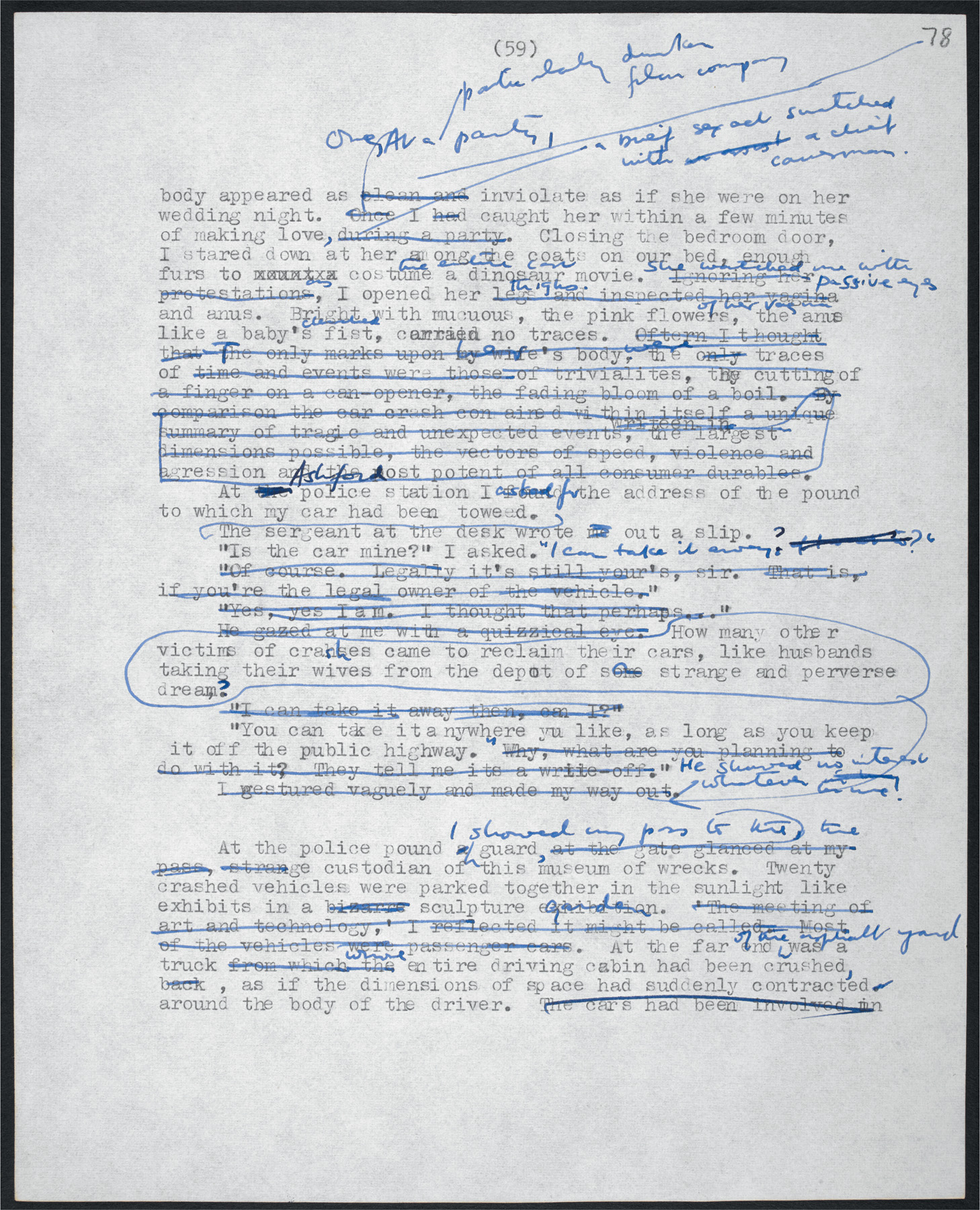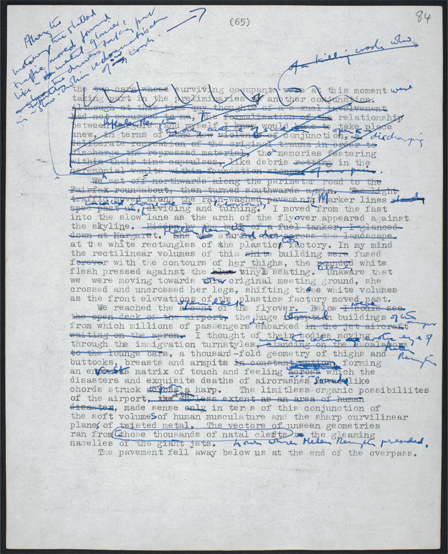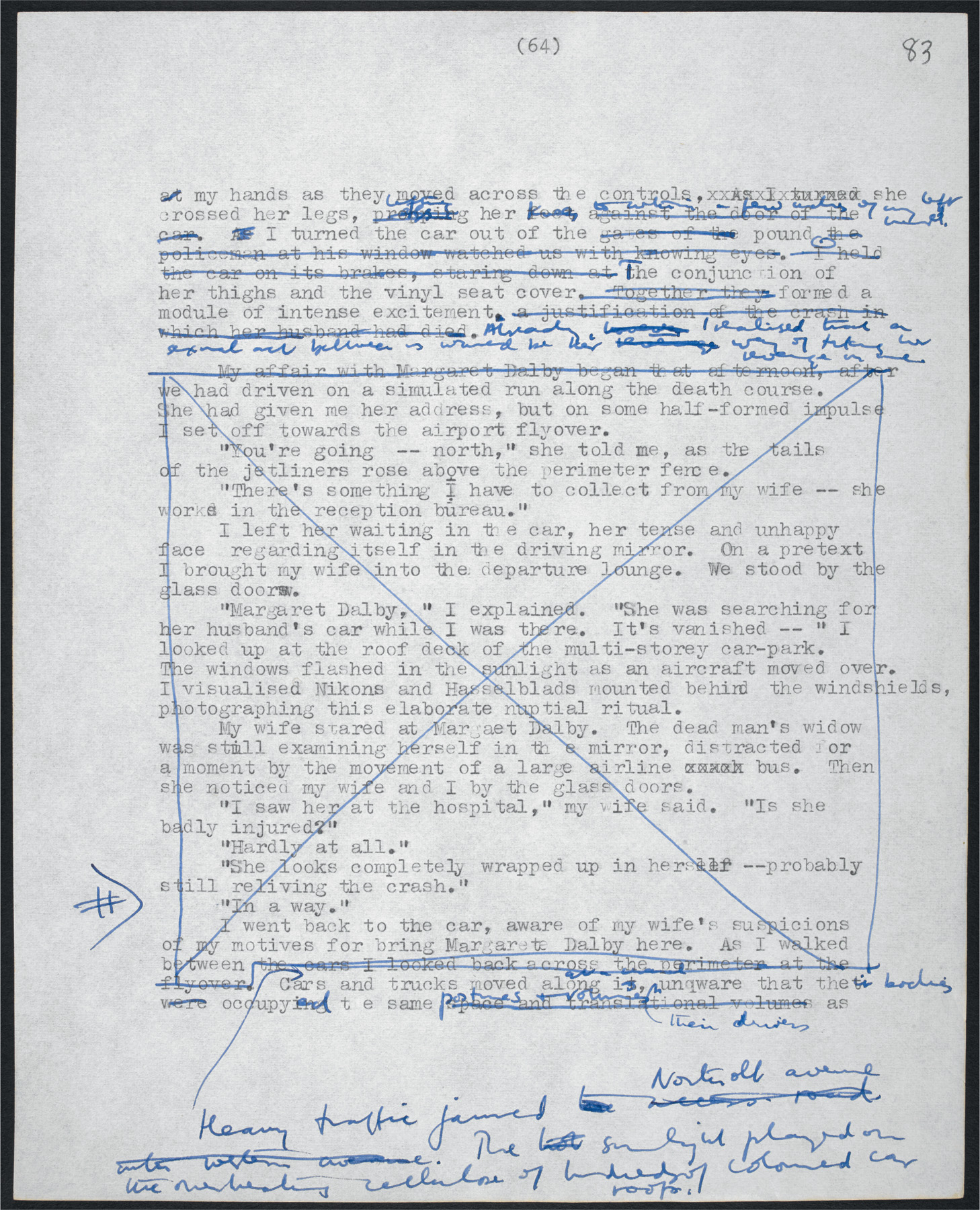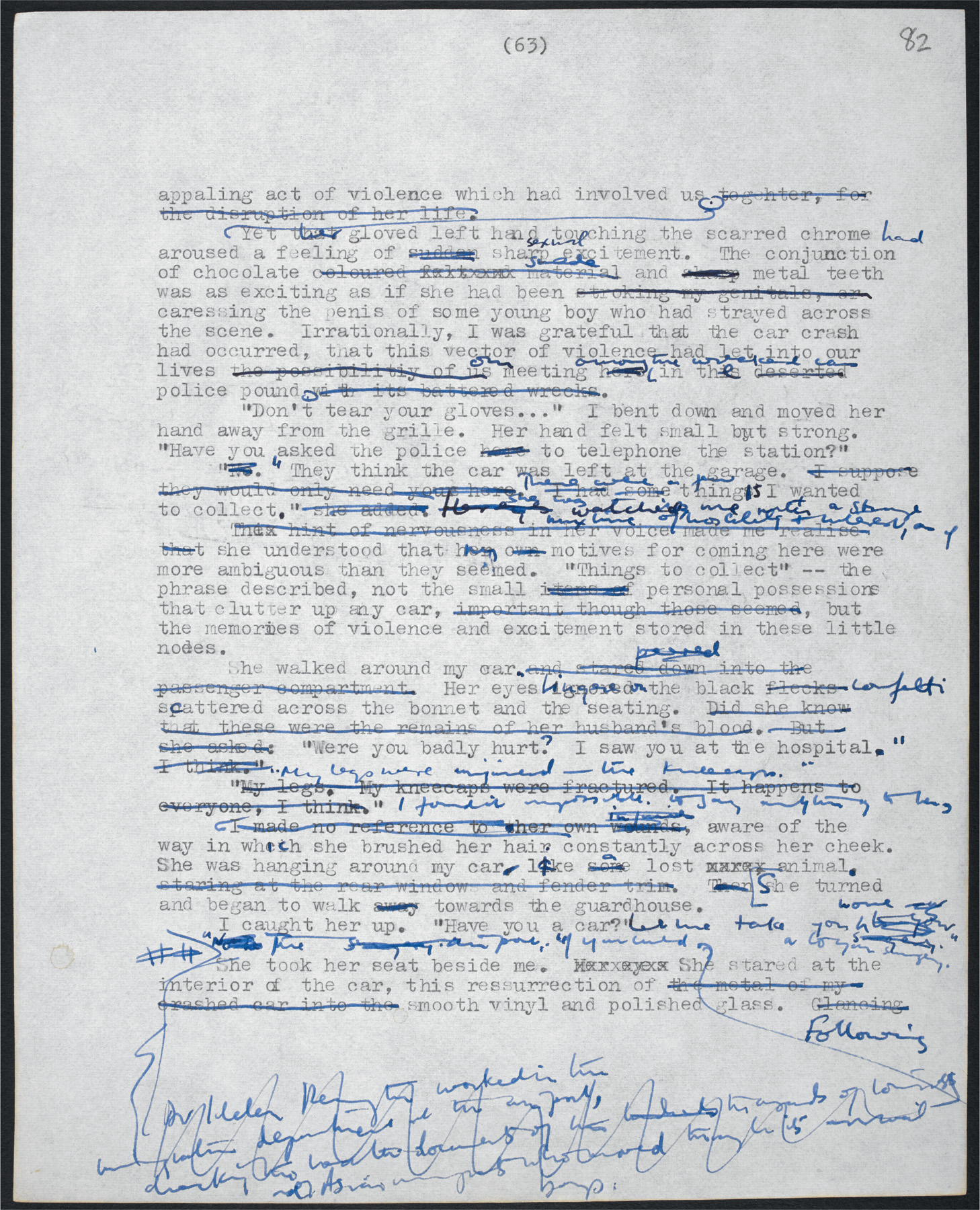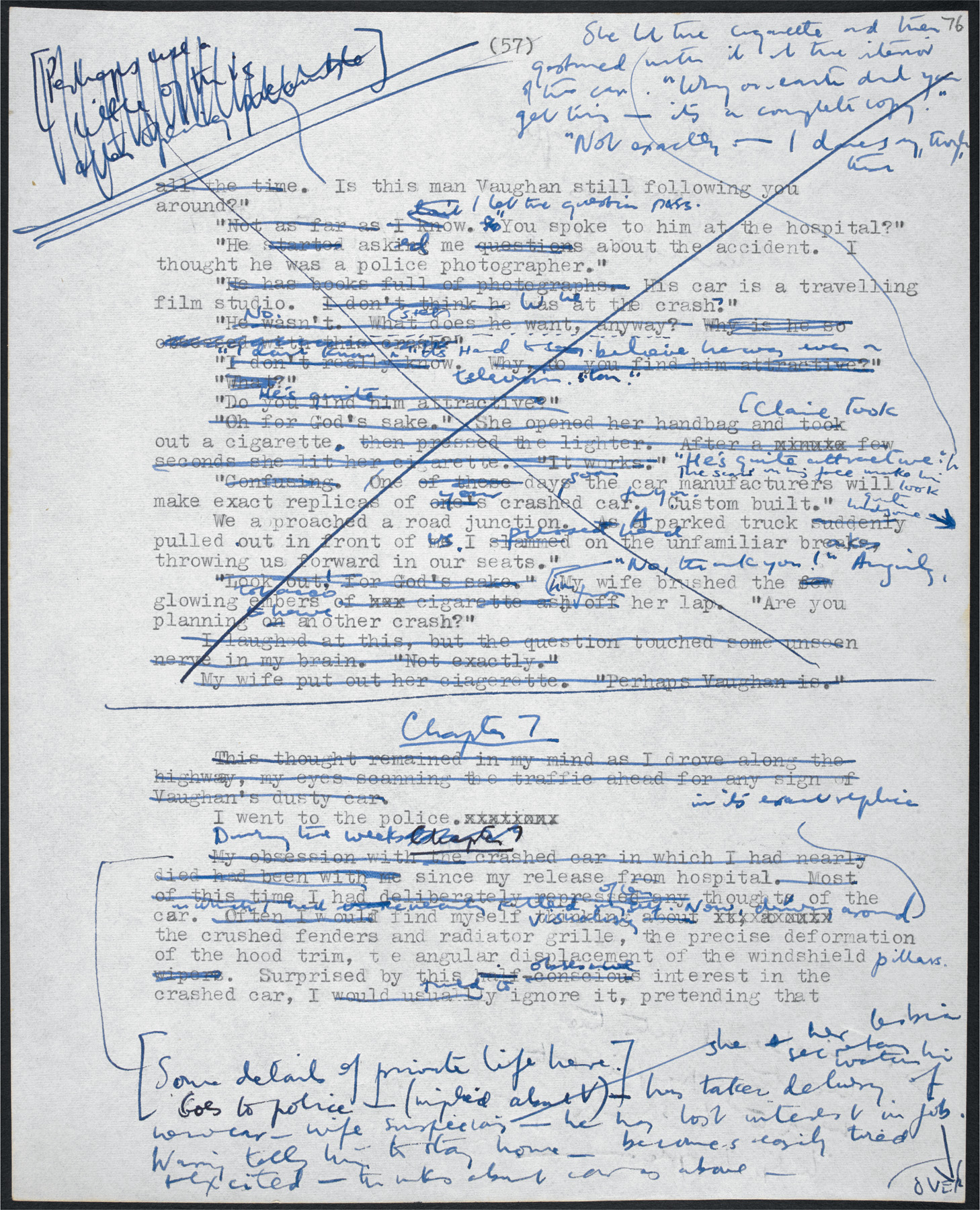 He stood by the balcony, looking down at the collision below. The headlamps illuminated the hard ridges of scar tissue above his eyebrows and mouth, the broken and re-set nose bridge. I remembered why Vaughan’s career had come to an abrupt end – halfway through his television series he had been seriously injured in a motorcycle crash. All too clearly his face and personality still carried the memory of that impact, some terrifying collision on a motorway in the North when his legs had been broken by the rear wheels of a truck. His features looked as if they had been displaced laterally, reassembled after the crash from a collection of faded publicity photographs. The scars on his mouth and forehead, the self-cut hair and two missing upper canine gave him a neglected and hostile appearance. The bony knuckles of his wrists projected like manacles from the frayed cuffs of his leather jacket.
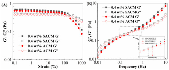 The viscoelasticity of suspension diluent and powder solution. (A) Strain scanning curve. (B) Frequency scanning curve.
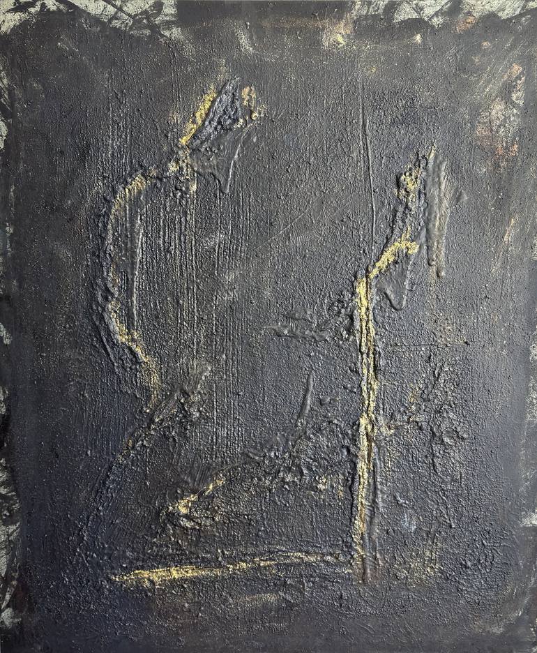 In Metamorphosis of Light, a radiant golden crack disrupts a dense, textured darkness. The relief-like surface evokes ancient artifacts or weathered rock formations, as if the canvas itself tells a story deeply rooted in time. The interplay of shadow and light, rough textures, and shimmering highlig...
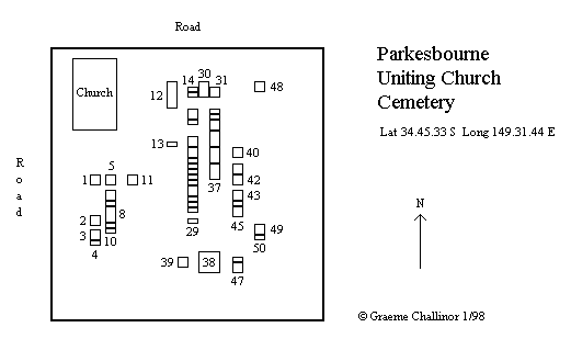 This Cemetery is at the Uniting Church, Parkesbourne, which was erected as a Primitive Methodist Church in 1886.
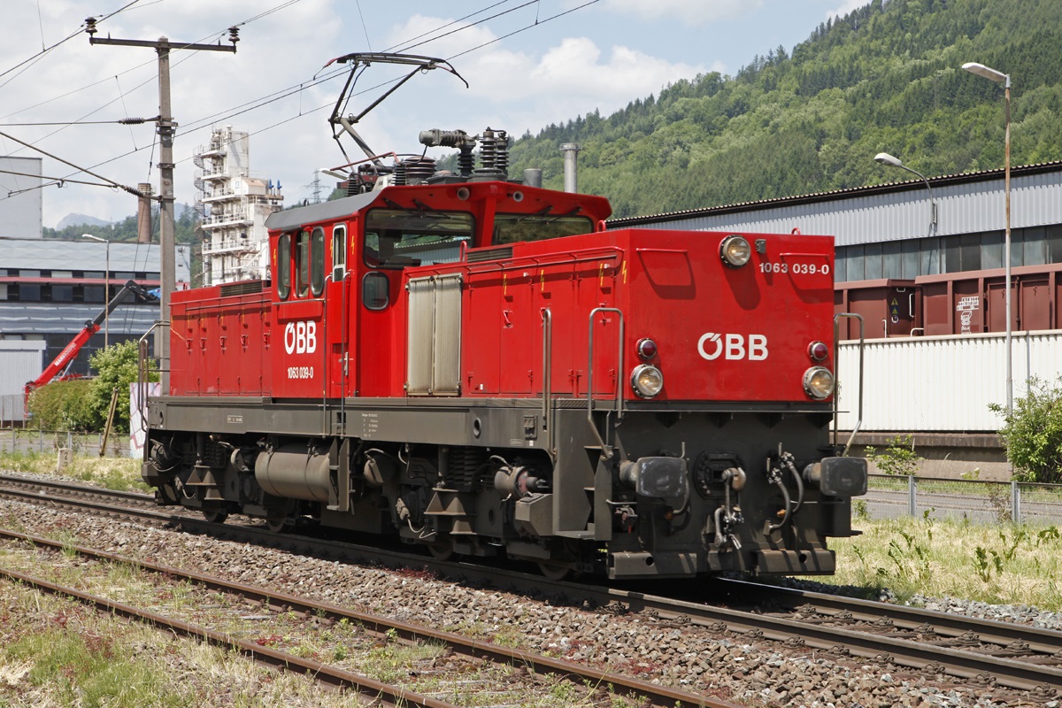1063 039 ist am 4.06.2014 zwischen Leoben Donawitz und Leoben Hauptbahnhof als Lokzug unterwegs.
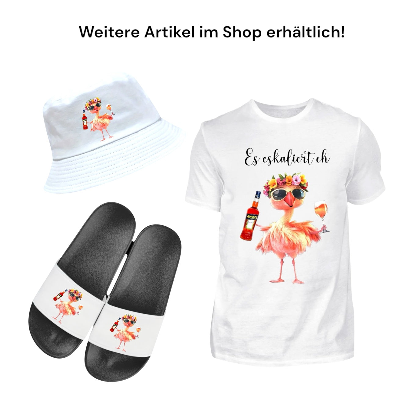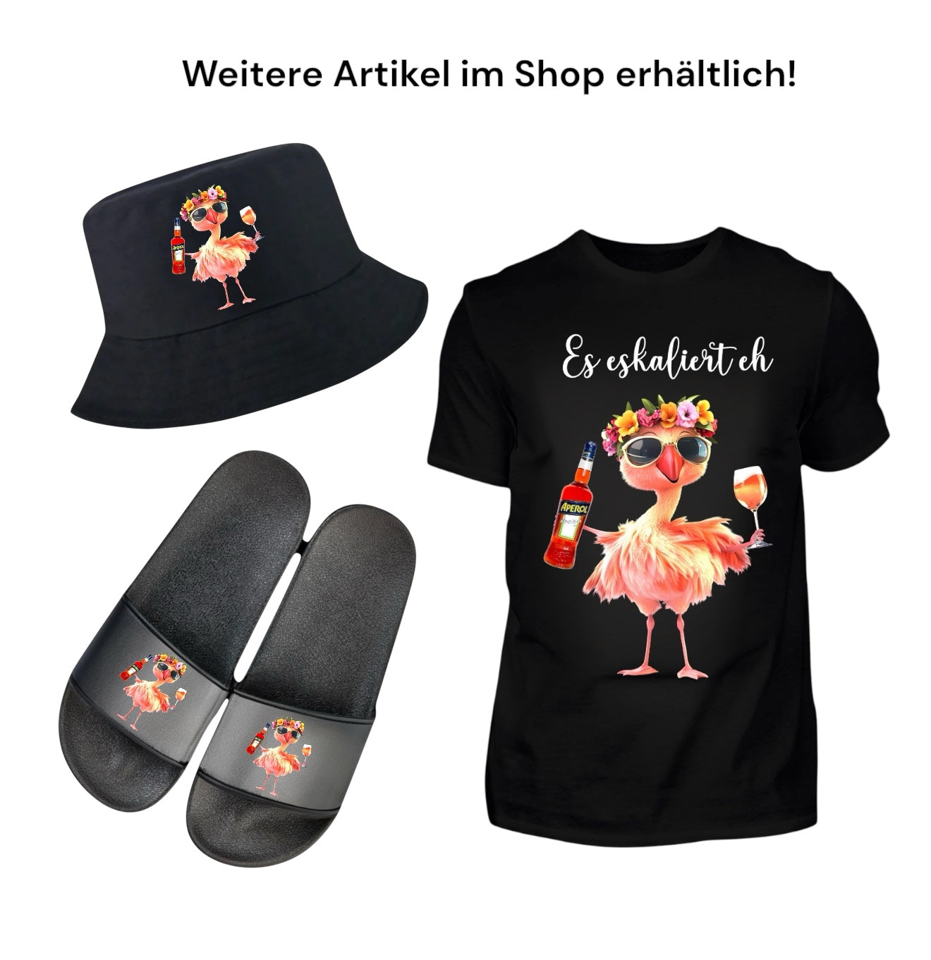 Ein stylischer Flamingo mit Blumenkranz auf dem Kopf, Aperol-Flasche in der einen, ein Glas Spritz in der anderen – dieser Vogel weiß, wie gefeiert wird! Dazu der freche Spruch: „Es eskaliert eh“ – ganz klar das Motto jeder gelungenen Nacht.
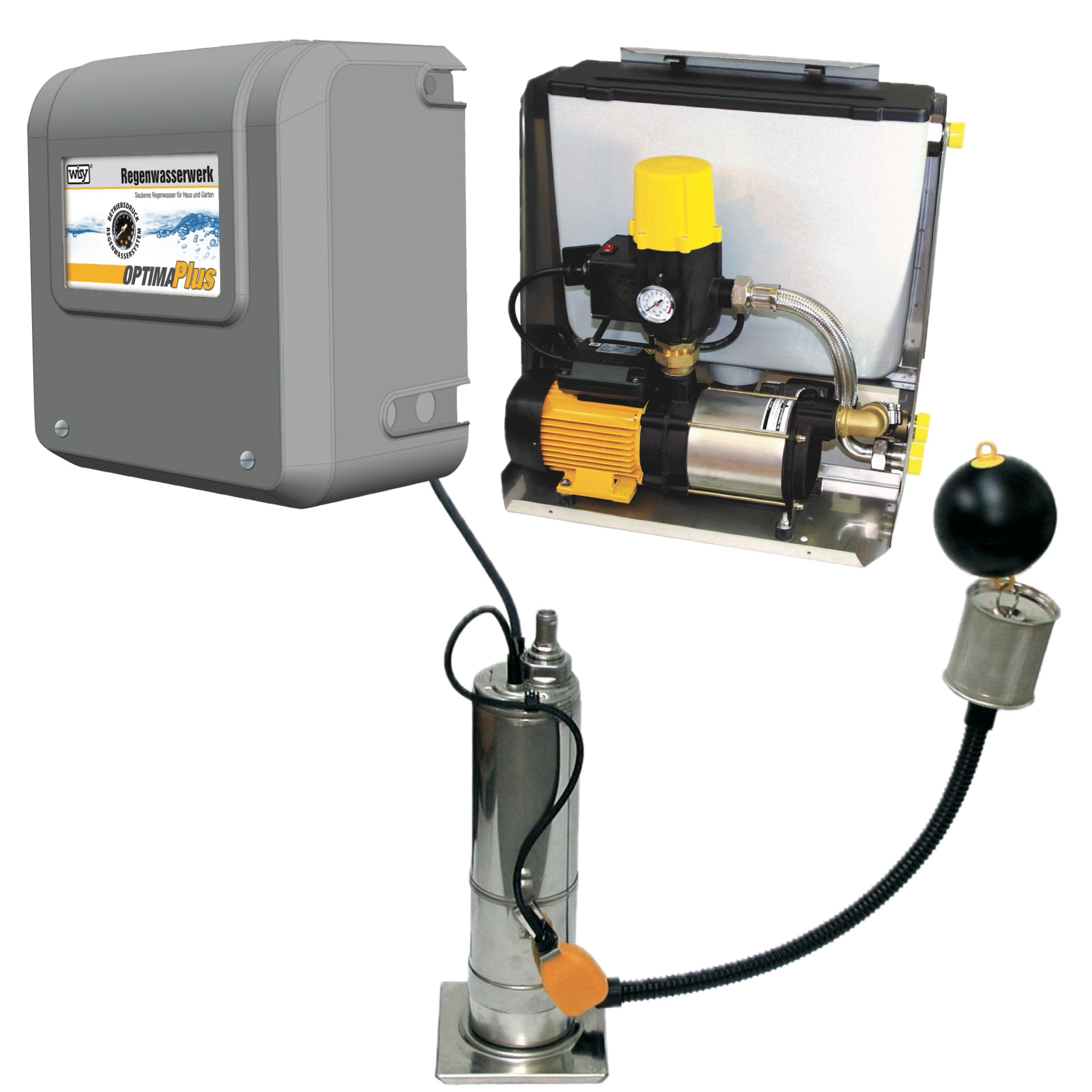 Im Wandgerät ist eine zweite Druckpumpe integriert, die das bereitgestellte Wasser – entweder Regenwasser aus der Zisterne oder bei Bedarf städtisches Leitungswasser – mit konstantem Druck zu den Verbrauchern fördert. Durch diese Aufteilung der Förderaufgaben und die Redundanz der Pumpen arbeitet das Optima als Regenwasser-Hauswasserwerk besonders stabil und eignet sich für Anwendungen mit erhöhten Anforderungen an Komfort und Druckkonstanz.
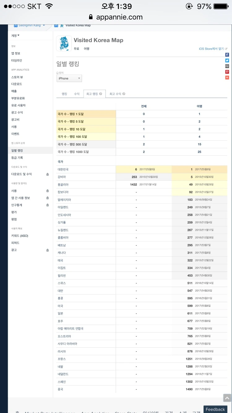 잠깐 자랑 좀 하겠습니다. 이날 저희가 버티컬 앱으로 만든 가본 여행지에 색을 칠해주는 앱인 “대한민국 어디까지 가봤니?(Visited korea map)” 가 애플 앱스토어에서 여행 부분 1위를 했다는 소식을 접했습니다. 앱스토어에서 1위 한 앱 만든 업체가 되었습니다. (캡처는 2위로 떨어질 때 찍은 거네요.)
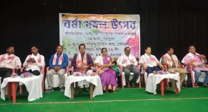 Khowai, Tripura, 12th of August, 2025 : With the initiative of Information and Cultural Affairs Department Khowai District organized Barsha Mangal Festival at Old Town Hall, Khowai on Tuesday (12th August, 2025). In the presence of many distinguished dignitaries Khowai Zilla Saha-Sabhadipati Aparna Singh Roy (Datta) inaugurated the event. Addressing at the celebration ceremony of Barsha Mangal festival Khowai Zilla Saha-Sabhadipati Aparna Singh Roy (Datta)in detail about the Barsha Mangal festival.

------------

■ PROBLEM DESCRIPTION:
Nothing but the lines from the one with "The viscoelasticity of" to the one with "This Cemetery is" above, both included, should be transcribed, exactly and without pictures.

■ TASK OUTPUT:
 The viscoelasticity of suspension diluent and powder solution. (A) Strain scanning curve. (B) Frequency scanning curve.
 In Metamorphosis of Light, a radiant golden crack disrupts a dense, textured darkness. The relief-like surface evokes ancient artifacts or weathered rock formations, as if the canvas itself tells a story deeply rooted in time. The interplay of shadow and light, rough textures, and shimmering highlig...
 This Cemetery is at the Uniting Church, Parkesbourne, which was erected as a Primitive Methodist Church in 1886.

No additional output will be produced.